### Work to complete
Records follow. Print exactly the lines from the one that has "The castle nevertheless" through the one that has "我院康复科燕铁斌教授课题组的文章《Barriers to activity", inclusive, and omit the pictures.

### Input data
/---

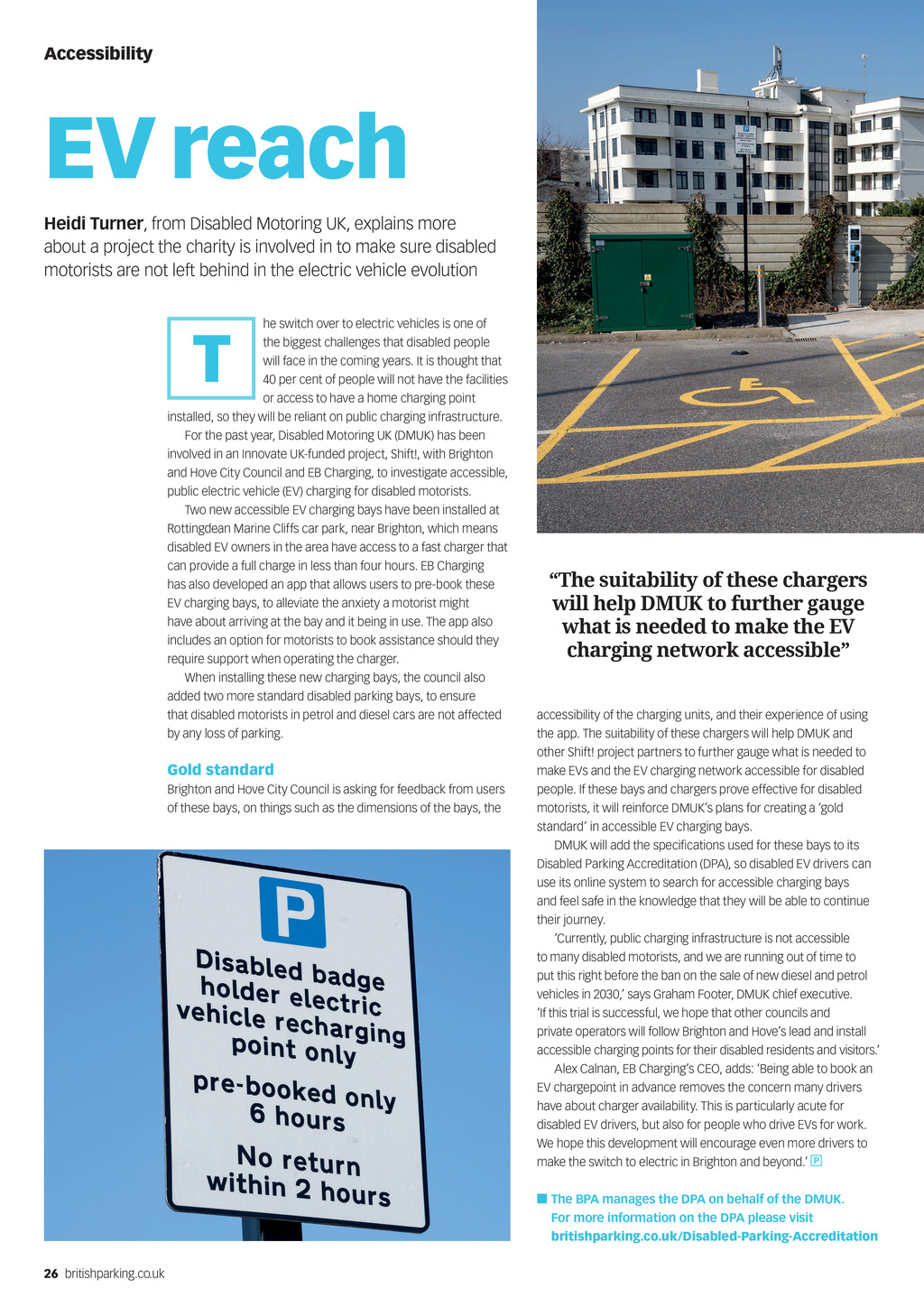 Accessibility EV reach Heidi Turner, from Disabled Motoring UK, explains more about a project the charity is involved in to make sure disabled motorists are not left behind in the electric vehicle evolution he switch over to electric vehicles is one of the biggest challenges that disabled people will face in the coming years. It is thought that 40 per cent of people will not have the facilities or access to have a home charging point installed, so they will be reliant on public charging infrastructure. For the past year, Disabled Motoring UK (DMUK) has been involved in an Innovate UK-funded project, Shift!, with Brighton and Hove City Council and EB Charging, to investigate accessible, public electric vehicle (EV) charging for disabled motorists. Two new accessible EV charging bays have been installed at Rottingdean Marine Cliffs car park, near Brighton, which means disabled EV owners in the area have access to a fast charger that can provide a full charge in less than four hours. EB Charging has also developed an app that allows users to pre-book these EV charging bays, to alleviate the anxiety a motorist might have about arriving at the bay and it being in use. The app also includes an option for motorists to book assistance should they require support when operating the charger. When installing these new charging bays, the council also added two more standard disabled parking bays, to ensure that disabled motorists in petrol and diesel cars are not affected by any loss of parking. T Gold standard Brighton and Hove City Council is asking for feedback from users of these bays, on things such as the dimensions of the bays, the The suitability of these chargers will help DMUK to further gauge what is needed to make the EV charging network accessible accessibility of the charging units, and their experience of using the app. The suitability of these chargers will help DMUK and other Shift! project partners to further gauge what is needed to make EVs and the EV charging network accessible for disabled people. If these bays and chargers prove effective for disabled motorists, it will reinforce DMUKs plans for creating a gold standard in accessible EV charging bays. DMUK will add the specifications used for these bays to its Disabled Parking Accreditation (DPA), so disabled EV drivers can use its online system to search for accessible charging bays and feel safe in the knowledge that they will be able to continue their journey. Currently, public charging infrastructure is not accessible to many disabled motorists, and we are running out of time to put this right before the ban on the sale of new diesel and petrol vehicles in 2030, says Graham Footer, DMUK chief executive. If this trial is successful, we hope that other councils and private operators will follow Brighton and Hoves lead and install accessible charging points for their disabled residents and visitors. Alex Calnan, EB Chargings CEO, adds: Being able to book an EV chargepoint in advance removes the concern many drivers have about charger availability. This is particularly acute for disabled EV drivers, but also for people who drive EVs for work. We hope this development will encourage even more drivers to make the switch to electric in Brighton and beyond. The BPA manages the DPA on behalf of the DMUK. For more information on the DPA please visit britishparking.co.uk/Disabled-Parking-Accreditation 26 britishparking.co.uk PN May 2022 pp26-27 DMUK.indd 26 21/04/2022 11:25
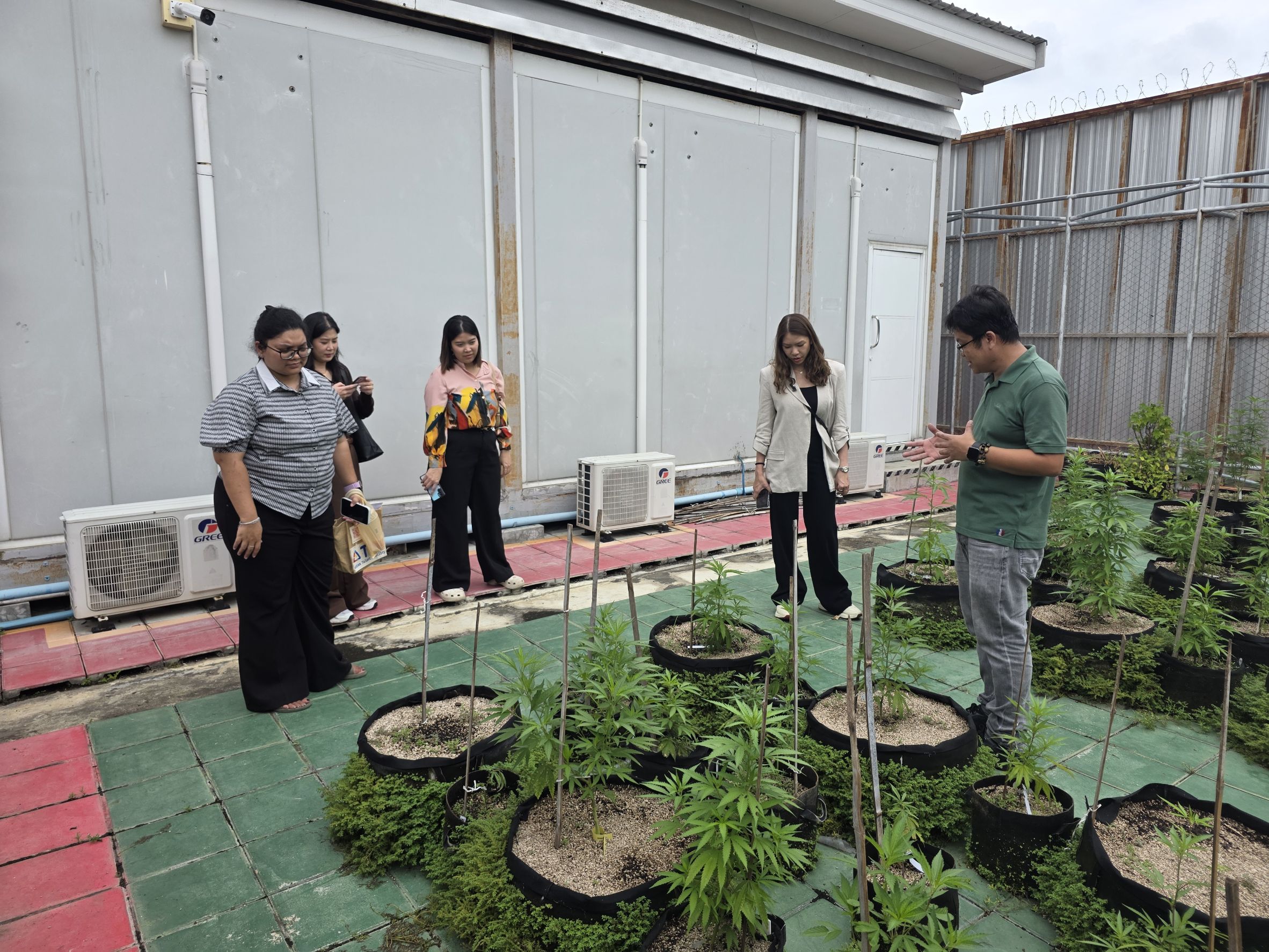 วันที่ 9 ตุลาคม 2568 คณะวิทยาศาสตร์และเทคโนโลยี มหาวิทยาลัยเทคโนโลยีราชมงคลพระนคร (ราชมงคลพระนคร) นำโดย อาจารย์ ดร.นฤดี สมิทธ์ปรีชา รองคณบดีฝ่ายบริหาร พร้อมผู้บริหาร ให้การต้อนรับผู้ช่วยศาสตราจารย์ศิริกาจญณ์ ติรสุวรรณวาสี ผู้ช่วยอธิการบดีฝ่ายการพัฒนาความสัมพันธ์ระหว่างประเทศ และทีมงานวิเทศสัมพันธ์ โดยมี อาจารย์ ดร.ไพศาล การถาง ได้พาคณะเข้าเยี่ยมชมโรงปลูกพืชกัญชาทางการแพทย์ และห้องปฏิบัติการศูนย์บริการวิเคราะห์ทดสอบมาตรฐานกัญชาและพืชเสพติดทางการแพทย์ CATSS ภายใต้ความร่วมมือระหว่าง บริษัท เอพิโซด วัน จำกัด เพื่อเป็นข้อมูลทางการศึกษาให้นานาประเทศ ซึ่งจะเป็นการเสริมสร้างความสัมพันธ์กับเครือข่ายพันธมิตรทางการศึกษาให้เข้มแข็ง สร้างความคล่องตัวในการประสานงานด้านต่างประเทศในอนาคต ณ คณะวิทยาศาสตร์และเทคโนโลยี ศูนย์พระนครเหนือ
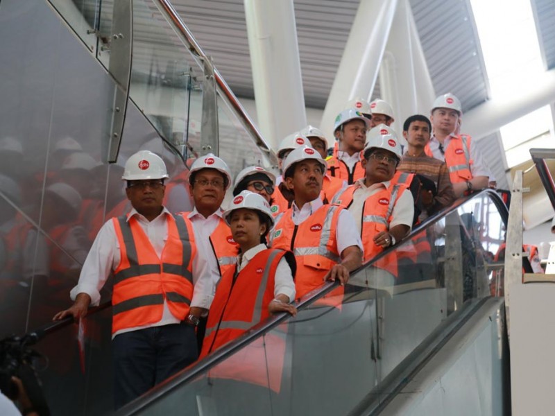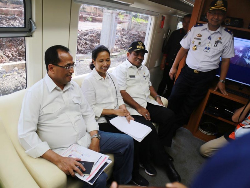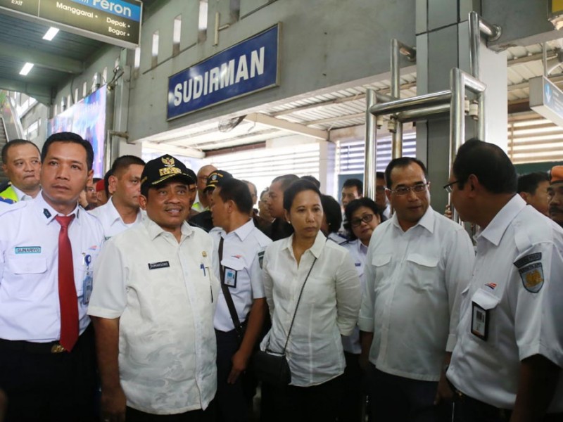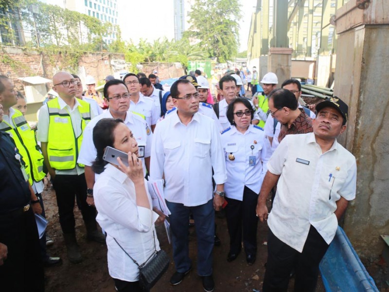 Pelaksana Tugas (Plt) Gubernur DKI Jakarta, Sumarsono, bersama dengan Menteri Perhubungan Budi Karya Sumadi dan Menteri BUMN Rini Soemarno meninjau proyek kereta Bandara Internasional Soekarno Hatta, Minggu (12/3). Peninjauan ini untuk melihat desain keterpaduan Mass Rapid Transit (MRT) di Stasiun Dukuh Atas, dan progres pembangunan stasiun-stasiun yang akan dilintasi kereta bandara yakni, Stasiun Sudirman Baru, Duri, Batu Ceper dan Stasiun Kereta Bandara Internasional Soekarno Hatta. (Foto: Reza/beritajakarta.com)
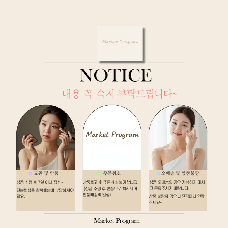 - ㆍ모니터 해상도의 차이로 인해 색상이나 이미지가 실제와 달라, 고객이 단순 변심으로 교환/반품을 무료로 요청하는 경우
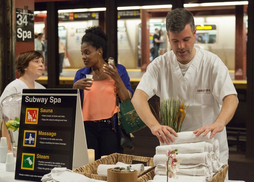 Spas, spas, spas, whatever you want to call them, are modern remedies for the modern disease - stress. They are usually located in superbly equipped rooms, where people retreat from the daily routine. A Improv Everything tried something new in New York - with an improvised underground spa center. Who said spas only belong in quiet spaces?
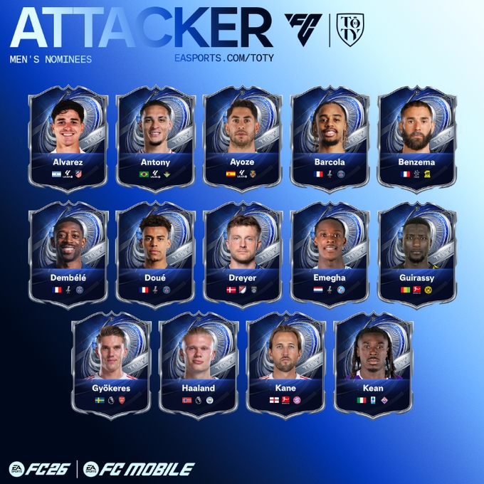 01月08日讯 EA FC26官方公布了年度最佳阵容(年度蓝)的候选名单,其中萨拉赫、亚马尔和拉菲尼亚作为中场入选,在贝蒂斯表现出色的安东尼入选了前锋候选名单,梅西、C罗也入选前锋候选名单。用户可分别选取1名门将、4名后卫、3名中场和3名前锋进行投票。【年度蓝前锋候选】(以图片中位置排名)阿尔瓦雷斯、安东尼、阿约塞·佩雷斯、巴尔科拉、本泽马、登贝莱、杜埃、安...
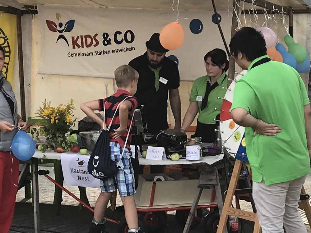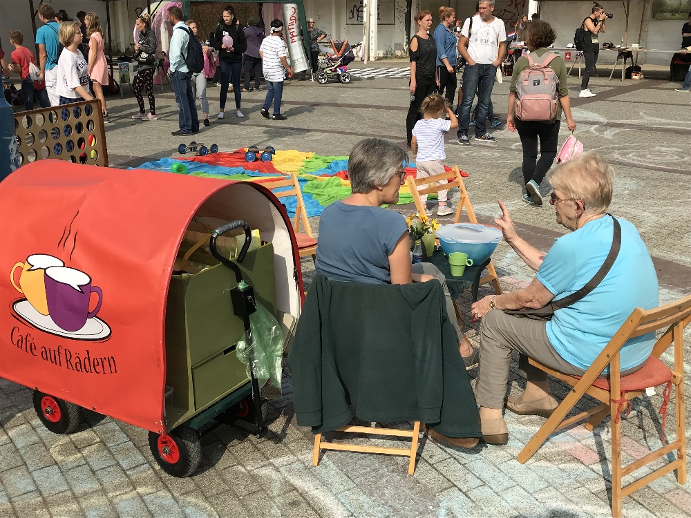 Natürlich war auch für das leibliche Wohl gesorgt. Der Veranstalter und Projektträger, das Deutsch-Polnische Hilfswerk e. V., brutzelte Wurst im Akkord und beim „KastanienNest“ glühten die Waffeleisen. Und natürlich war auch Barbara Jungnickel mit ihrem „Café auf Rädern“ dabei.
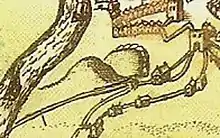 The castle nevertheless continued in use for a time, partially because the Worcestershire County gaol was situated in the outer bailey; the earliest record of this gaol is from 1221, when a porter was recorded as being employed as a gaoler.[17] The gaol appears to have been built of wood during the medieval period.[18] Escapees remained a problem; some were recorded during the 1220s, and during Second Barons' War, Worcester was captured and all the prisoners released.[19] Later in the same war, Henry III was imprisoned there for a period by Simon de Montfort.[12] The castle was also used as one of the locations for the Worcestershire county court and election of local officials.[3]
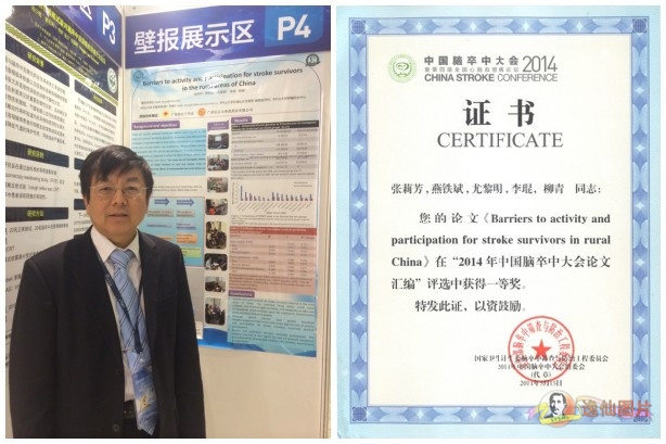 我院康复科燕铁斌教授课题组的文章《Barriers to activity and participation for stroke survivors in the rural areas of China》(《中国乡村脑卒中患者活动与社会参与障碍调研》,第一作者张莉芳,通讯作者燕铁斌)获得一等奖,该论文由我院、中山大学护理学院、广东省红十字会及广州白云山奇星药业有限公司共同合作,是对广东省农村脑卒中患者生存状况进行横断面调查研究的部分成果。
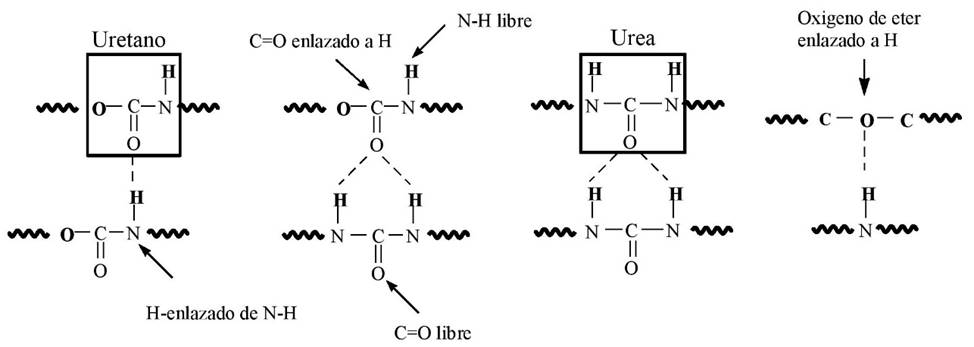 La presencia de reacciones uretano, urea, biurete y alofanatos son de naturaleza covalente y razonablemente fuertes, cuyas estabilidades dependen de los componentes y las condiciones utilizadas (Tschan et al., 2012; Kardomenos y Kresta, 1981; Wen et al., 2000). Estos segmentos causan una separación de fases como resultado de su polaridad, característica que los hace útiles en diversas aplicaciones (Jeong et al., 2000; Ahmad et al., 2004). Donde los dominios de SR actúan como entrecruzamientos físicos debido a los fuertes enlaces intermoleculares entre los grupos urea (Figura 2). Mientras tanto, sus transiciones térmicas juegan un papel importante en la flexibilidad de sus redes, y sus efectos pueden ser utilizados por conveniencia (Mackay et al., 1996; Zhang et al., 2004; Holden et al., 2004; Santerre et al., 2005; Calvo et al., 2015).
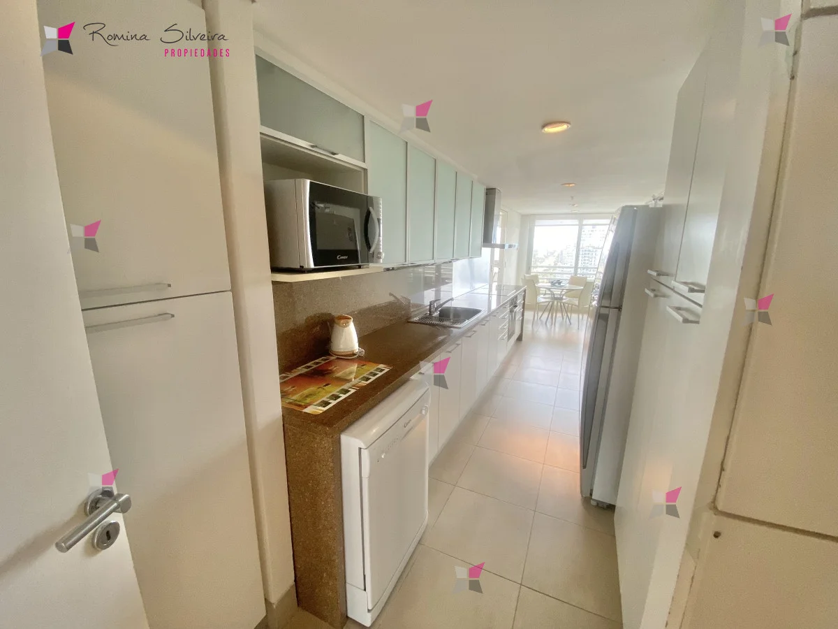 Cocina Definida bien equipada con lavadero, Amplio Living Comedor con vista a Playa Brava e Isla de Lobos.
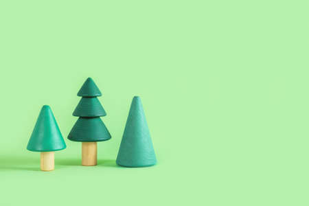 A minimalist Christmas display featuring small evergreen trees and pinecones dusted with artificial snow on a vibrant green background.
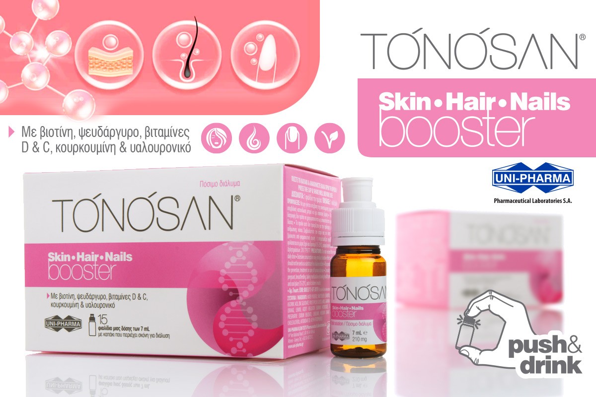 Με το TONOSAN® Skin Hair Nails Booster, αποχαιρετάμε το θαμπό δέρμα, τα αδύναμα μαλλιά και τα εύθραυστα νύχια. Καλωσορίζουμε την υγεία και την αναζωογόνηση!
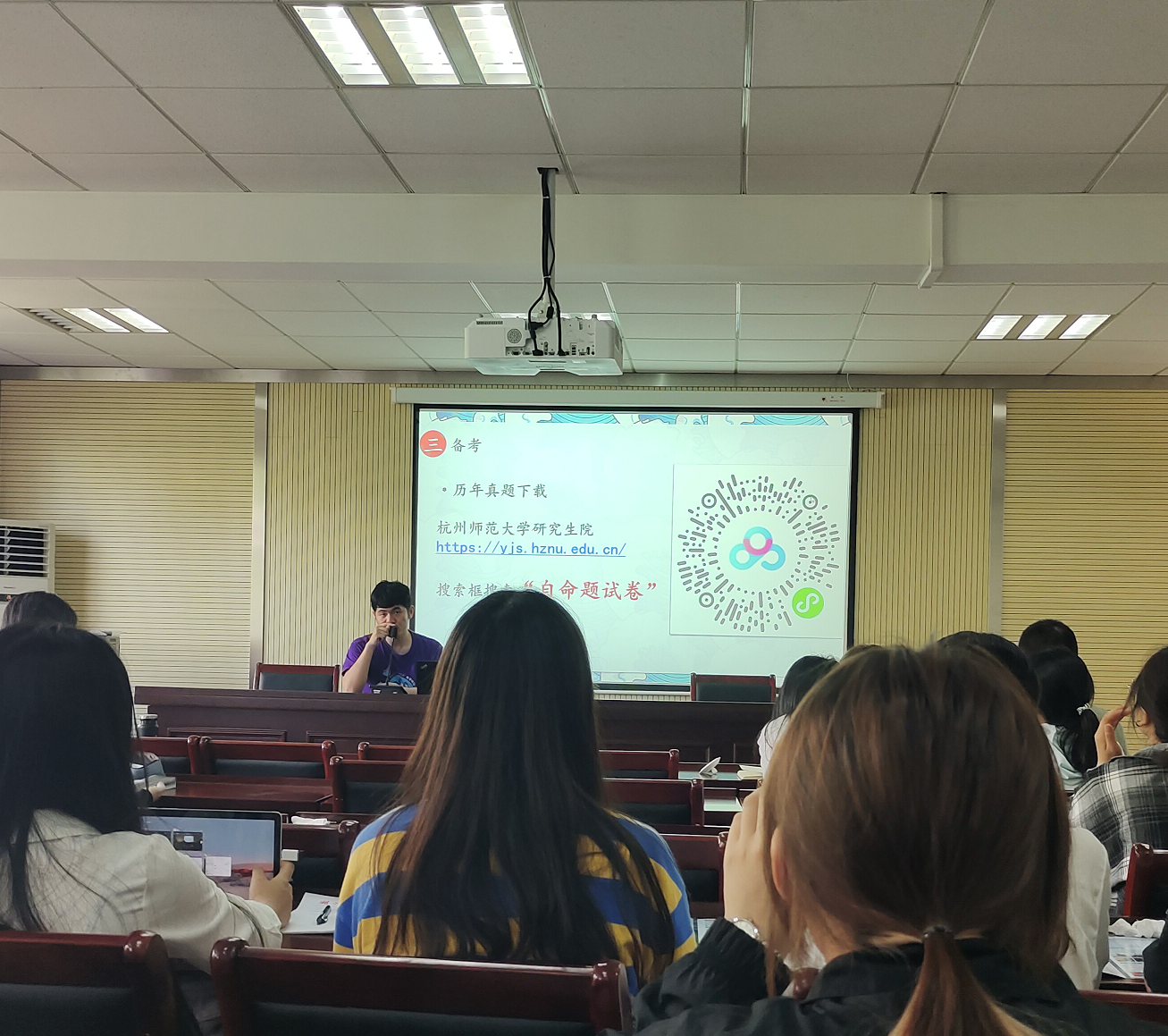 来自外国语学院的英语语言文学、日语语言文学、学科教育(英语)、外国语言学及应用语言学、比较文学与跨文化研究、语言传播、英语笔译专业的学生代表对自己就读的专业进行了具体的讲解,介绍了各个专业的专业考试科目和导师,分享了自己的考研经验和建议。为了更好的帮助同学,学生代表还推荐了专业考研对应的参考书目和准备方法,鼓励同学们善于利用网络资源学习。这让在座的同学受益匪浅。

\---

### Output
 The castle nevertheless continued in use for a time, partially because the Worcestershire County gaol was situated in the outer bailey; the earliest record of this gaol is from 1221, when a porter was recorded as being employed as a gaoler.[17] The gaol appears to have been built of wood during the medieval period.[18] Escapees remained a problem; some were recorded during the 1220s, and during Second Barons' War, Worcester was captured and all the prisoners released.[19] Later in the same war, Henry III was imprisoned there for a period by Simon de Montfort.[12] The castle was also used as one of the locations for the Worcestershire county court and election of local officials.[3]
 我院康复科燕铁斌教授课题组的文章《Barriers to activity and participation for stroke survivors in the rural areas of China》(《中国乡村脑卒中患者活动与社会参与障碍调研》,第一作者张莉芳,通讯作者燕铁斌)获得一等奖,该论文由我院、中山大学护理学院、广东省红十字会及广州白云山奇星药业有限公司共同合作,是对广东省农村脑卒中患者生存状况进行横断面调查研究的部分成果。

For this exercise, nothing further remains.